We have received multiple calls from around the country about overly restrictive hospital "no-visitor" policies. These policies often allow visitors for patients without disabilities, including infants, children, women giving birth, and those at the end of life, but prevent access to the support people necessary for patients with disabilities. These policies discriminate against patients who require communication and other disability-related supports that hospital staff simply are unable to provide—a significant portion of CommunicationFIRST's population.
Without these supports, patients with disabilities are unable to provide informed consent to their medical treatment and are denied an equal opportunity to benefit from the same treatment and services provided to patients without disabilities.

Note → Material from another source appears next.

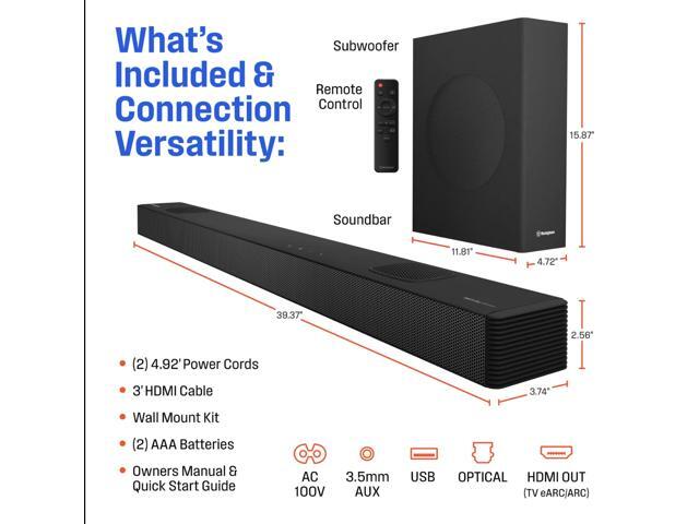 - Control Your Sound Bar with Your TV Remote: With the HDMI eARC input, easily connect the included HDMI cable to your TV and your sound bar will turn on / turn off with your TV remote.

When patients are prevented from communicating essential health information like pain, hunger, thirst, or discomfort, they also receive inadequate care, which can lead to poor health outcomes and lead to potentially disastrous unintended consequences.
We have been tracking and analyzing the more "enlightened" of the state-wide policy guidance documents as they have emerged over the past month here. We have paired those abstract policies with the real-life experiences of patients around the country to create our own guidance document. Partnering with fellow disability rights organizations The Arc of the United States, Autistic Self Advocacy Network, Bazelon Center for Mental Health Law, Center for Public Representation, and Disability Rights Education and Defense Fund, we are pleased to release this Guidance Document here.
We hope this will help states and individual hospitals keep in mind their still-intact obligations under federal civil rights laws while taking appropriate measures to prevent the spread of the coronavirus.